(ACTIVITY) Copy the lines below exactly, starting with the first and finishing with the one holding "Không chỉ các"; do not copy the pictures.

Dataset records
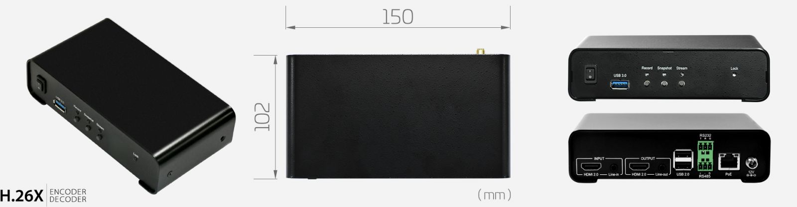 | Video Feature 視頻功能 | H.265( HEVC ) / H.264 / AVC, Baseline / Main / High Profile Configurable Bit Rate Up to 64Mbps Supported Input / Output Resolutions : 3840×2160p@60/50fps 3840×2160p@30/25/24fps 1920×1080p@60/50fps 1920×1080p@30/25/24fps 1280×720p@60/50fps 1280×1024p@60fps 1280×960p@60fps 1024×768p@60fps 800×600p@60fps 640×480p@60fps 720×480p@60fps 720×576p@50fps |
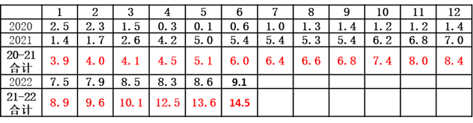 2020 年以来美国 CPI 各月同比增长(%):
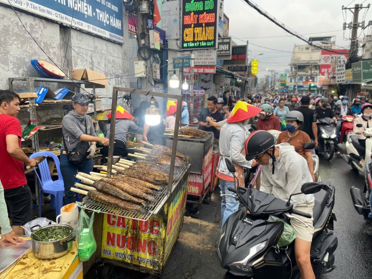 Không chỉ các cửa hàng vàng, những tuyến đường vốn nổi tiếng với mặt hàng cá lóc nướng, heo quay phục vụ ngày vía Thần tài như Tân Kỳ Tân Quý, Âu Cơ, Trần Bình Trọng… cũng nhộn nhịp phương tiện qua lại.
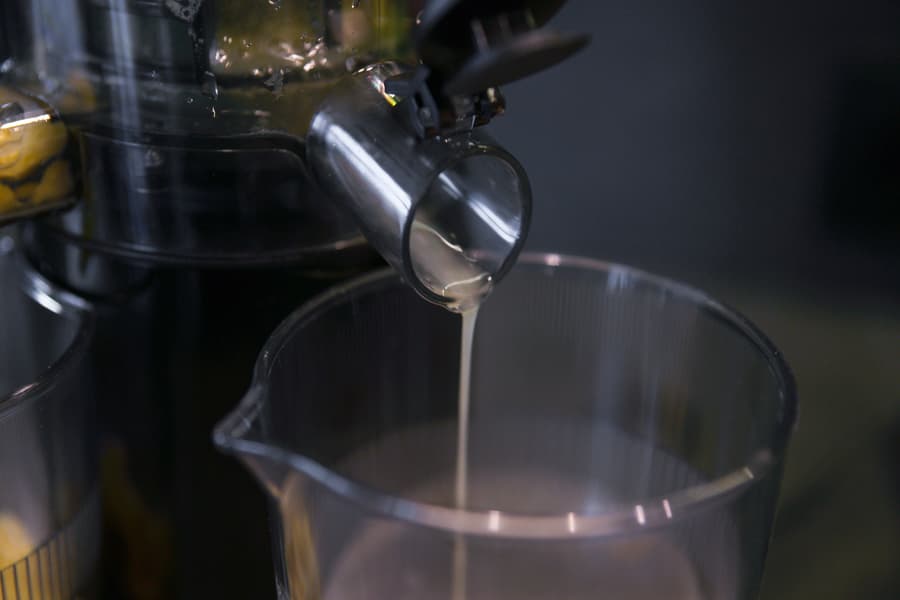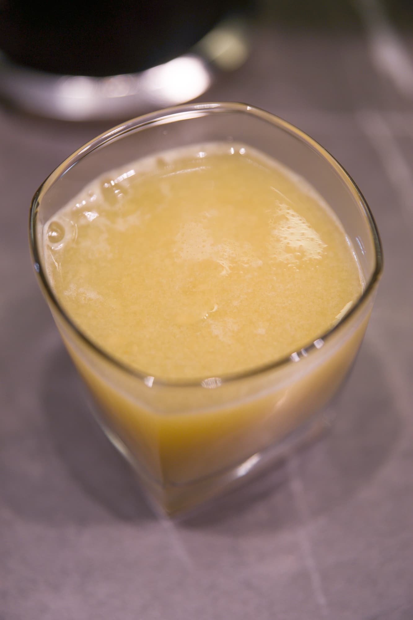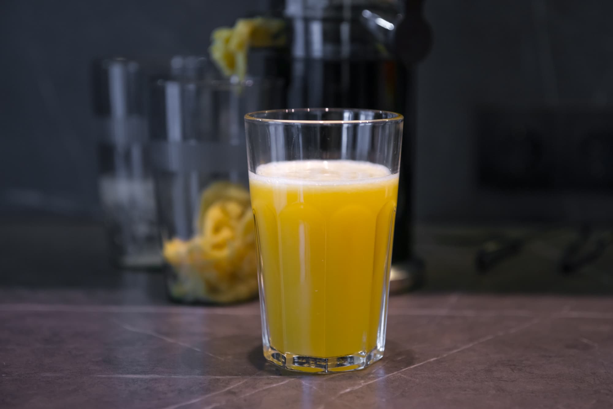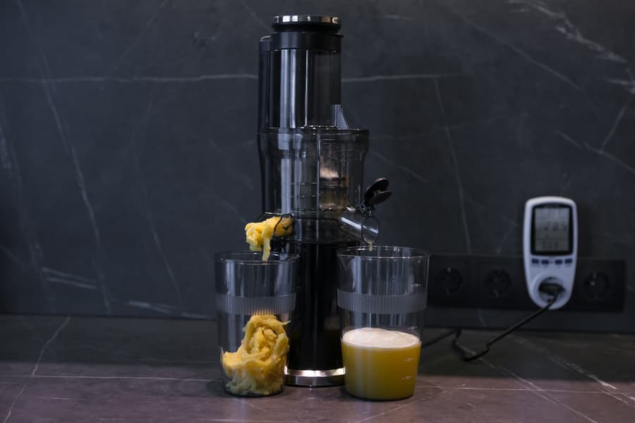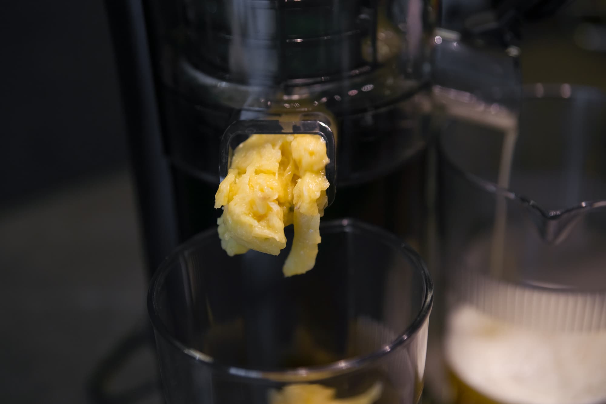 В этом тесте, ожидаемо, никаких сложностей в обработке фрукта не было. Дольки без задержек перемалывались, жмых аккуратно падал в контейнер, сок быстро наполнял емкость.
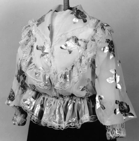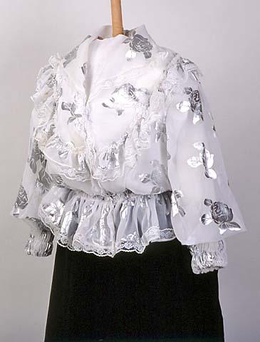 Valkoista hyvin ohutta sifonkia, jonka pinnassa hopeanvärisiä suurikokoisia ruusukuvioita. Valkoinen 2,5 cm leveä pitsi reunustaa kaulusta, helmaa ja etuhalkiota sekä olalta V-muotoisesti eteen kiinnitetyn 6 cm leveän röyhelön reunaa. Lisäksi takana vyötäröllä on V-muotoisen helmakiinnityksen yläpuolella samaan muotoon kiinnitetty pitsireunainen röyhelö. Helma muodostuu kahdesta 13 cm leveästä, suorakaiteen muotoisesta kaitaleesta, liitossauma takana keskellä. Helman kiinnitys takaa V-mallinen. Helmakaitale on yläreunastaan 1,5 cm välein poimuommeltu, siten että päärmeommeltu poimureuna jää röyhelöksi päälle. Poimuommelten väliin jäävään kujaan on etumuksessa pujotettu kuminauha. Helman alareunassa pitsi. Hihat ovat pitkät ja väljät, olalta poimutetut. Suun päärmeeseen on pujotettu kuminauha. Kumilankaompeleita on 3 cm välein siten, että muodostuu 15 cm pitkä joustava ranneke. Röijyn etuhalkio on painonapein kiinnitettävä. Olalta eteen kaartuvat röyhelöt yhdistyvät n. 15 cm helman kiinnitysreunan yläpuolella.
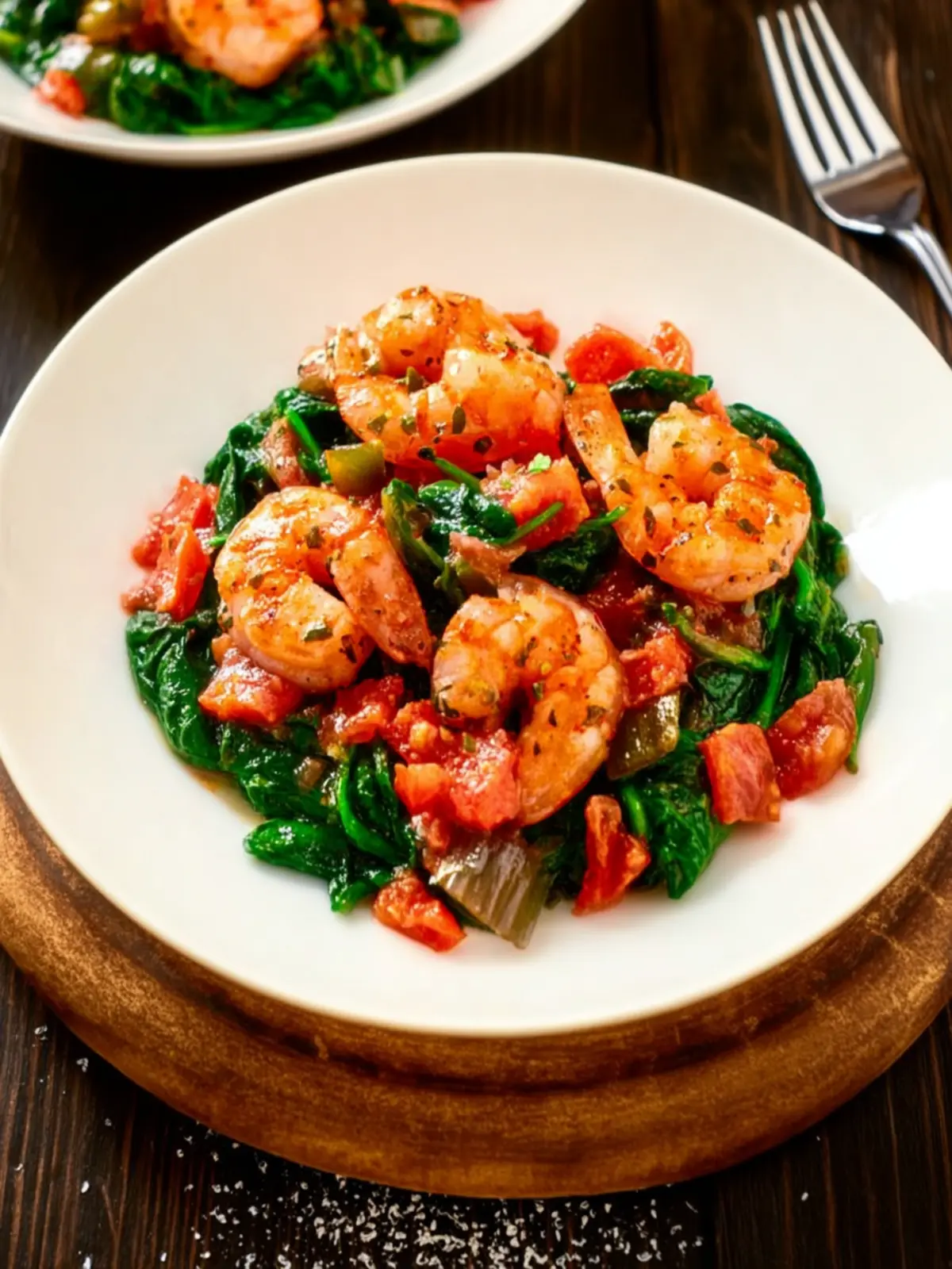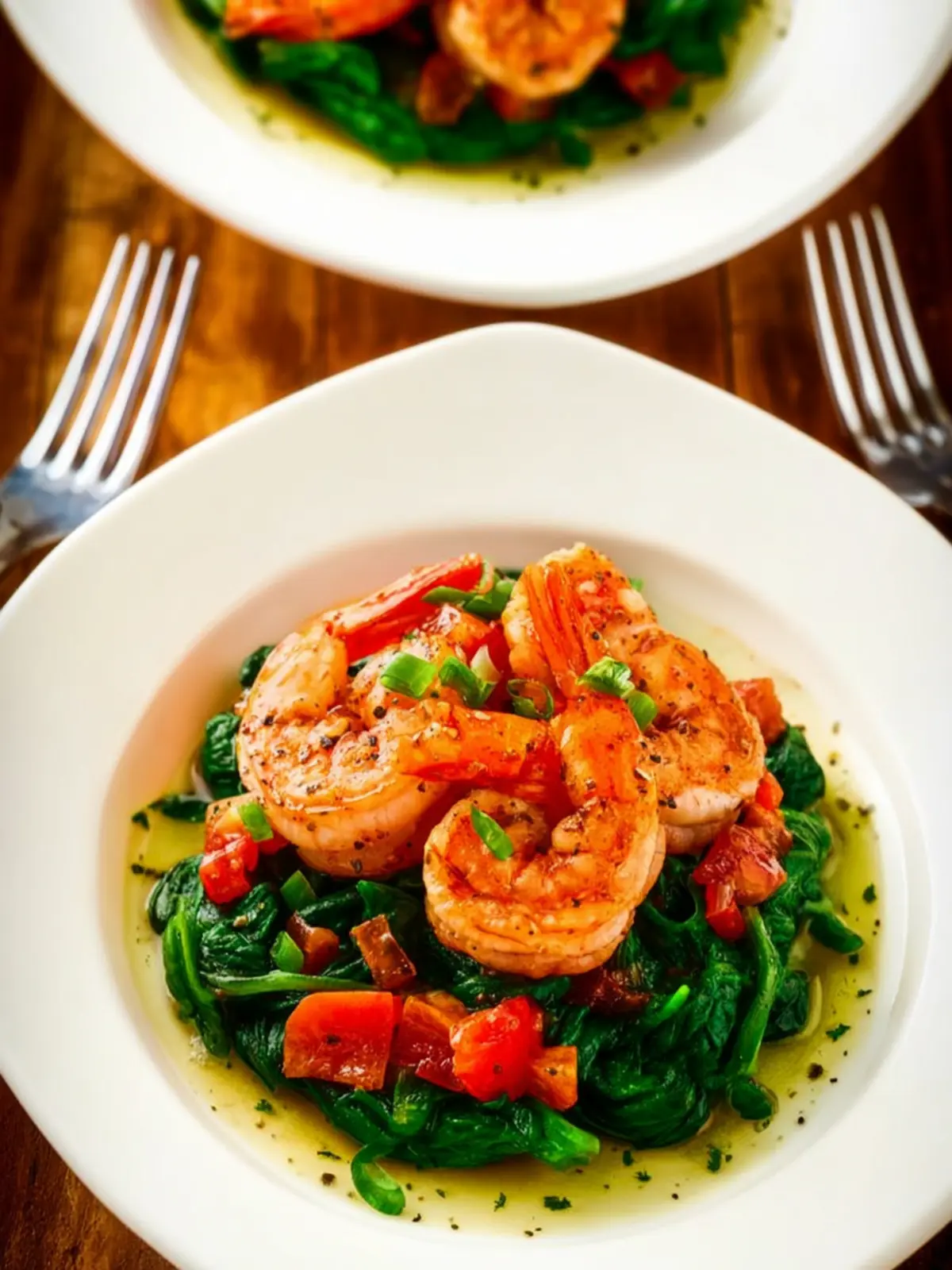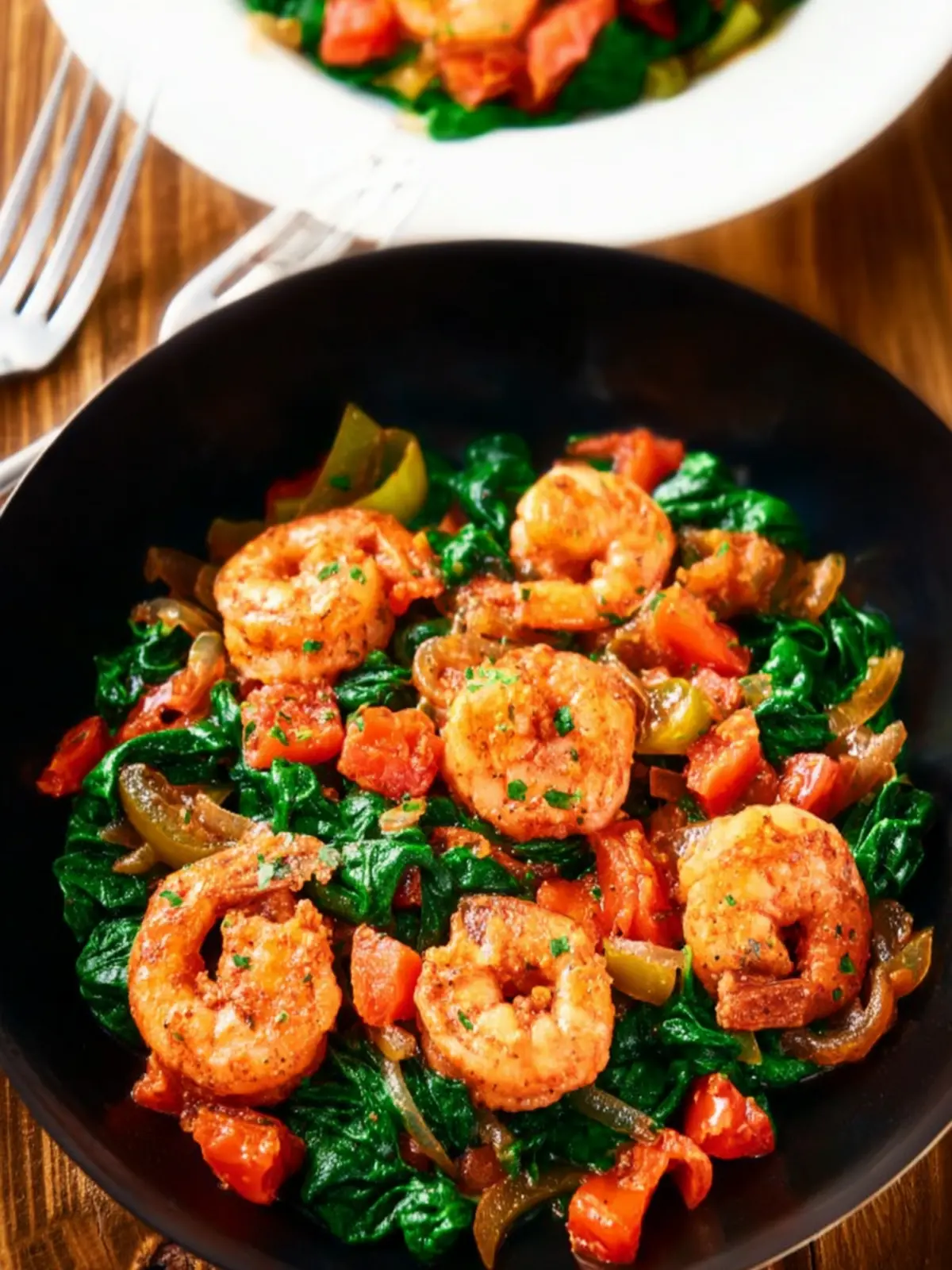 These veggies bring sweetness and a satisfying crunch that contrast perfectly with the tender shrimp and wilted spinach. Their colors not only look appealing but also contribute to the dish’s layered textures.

(RESULT OF THIS EXERCISE)
 | Video Feature 視頻功能 | H.265( HEVC ) / H.264 / AVC, Baseline / Main / High Profile Configurable Bit Rate Up to 64Mbps Supported Input / Output Resolutions : 3840×2160p@60/50fps 3840×2160p@30/25/24fps 1920×1080p@60/50fps 1920×1080p@30/25/24fps 1280×720p@60/50fps 1280×1024p@60fps 1280×960p@60fps 1024×768p@60fps 800×600p@60fps 640×480p@60fps 720×480p@60fps 720×576p@50fps |
 2020 年以来美国 CPI 各月同比增长(%):
 Không chỉ các cửa hàng vàng, những tuyến đường vốn nổi tiếng với mặt hàng cá lóc nướng, heo quay phục vụ ngày vía Thần tài như Tân Kỳ Tân Quý, Âu Cơ, Trần Bình Trọng… cũng nhộn nhịp phương tiện qua lại.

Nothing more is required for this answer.